ACTION ITEM: The expected output is every line of the data exactly as shown, minus the images.

DATA EXCERPT:
******
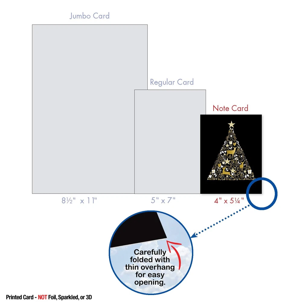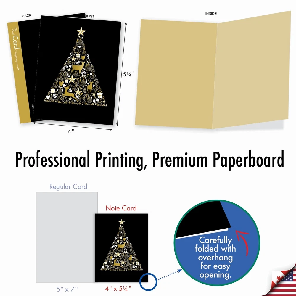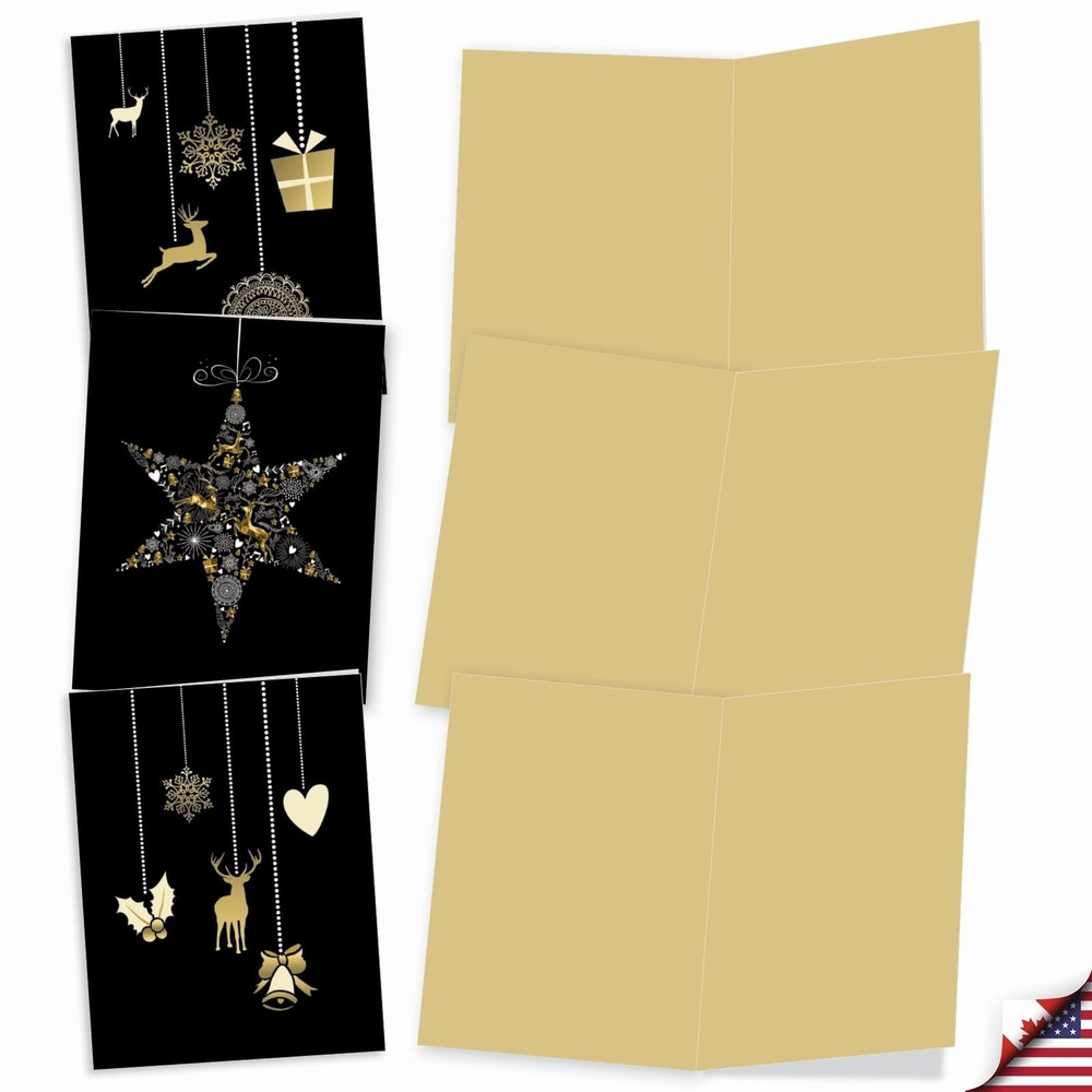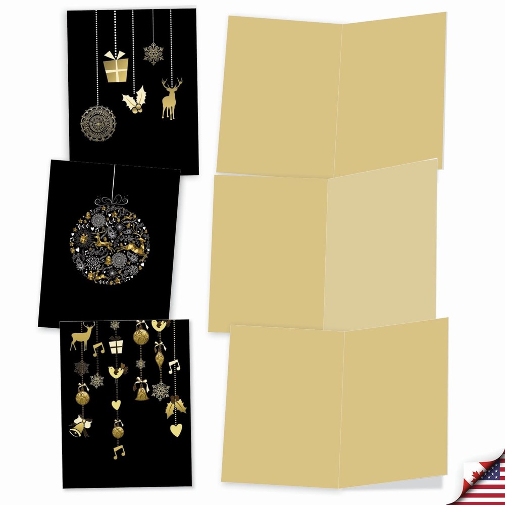 Printed (not foiled or gilded) gold and silver festive icons on black backgrounds strike a stunning contrast on these unique holiday All Occasions cards. Golden Xmas trees, reindeer, bells, snowflakes, holly and stars are set against dark backgrounds and embossed with silver swirls and white hearts to create memorably iconic images. To be treasured by all who gratefully receive them!These unique note cards are packaged in a complementary-themed set featuring carefully edited, gallery-quality assorted images, each different yet closely related. We offer a broad collection of everyday and seasonal designs, presented in a wide variety of artistic styles. Available with a blank inside, this versatile note card set is printed in the U.S. on high-quality, recycled stock and packaged in a design-specific and color-coordinated custom box featuring a visual reference of the entire series contained within. They look great framed, too! Try framing them individually, or grouping several in a collage frame, to create visually appealing wall decor.Assorted Note Cards Depicting Golden Hanging Ornaments and Silver Swirls with White Envelopes. INSIDE GREETING: The inside is ungreeted, making this perfect for your customized notes for all occasions! SIZE - Bulk gift box set of 10 beautiful assorted blank Christmas note cards & envelopes and measure 4" x 5", which is smaller than your regular standard card. SIZE - Bulk gift box set of 10 beautiful assorted blank Christmas note cards & envelopes and measure 4" x 5", which is smaller than your regular standard card. SOCIALLY RESPONSIBLE - Keeping US jobs at home, our products are Made in the USA (and Canada) for almost 40 years. We use thick, white, glossy cardstock, w/ 30% recycled content (no papyrus, naturally).
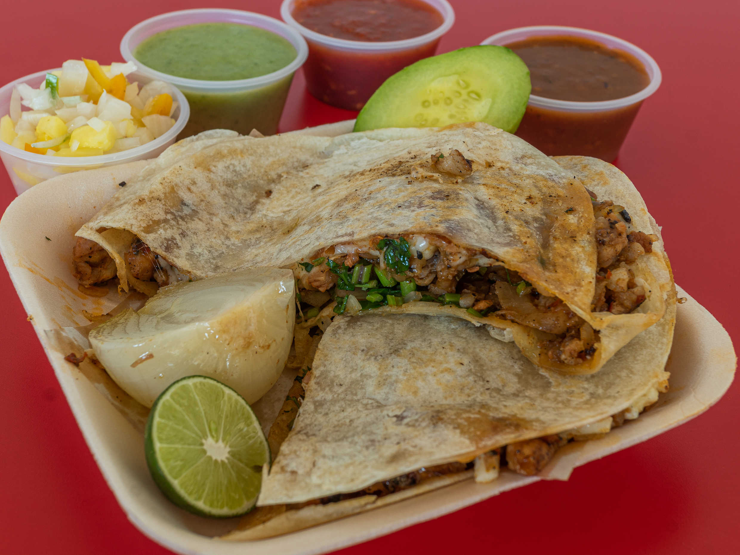 2 tortillas de harina con queso oaxaca, carne, cebolla y cilantro
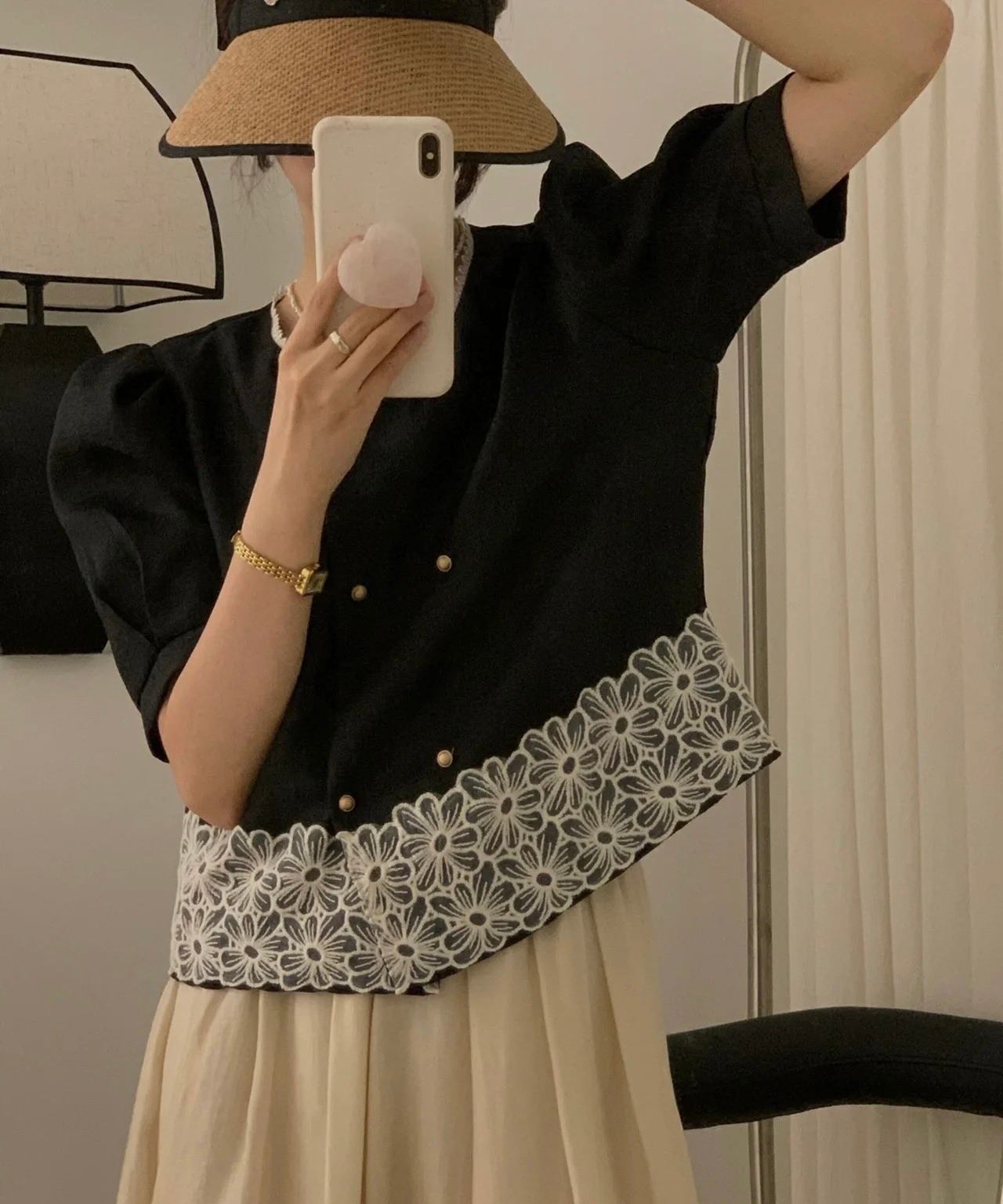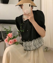 サマースタンダードラウンドネックルーズダブルブレストレースFlowerデザイン スリーブシャツ レトロ 夏物 Oネック フラワーデザイン ステッチ 7/20 mi4622475780368
******
EXPECTED ANSWER:
 Printed (not foiled or gilded) gold and silver festive icons on black backgrounds strike a stunning contrast on these unique holiday All Occasions cards. Golden Xmas trees, reindeer, bells, snowflakes, holly and stars are set against dark backgrounds and embossed with silver swirls and white hearts to create memorably iconic images. To be treasured by all who gratefully receive them!These unique note cards are packaged in a complementary-themed set featuring carefully edited, gallery-quality assorted images, each different yet closely related. We offer a broad collection of everyday and seasonal designs, presented in a wide variety of artistic styles. Available with a blank inside, this versatile note card set is printed in the U.S. on high-quality, recycled stock and packaged in a design-specific and color-coordinated custom box featuring a visual reference of the entire series contained within. They look great framed, too! Try framing them individually, or grouping several in a collage frame, to create visually appealing wall decor.Assorted Note Cards Depicting Golden Hanging Ornaments and Silver Swirls with White Envelopes. INSIDE GREETING: The inside is ungreeted, making this perfect for your customized notes for all occasions! SIZE - Bulk gift box set of 10 beautiful assorted blank Christmas note cards & envelopes and measure 4" x 5", which is smaller than your regular standard card. SIZE - Bulk gift box set of 10 beautiful assorted blank Christmas note cards & envelopes and measure 4" x 5", which is smaller than your regular standard card. SOCIALLY RESPONSIBLE - Keeping US jobs at home, our products are Made in the USA (and Canada) for almost 40 years. We use thick, white, glossy cardstock, w/ 30% recycled content (no papyrus, naturally).
 2 tortillas de harina con queso oaxaca, carne, cebolla y cilantro
 サマースタンダードラウンドネックルーズダブルブレストレースFlowerデザイン スリーブシャツ レトロ 夏物 Oネック フラワーデザイン ステッチ 7/20 mi4622475780368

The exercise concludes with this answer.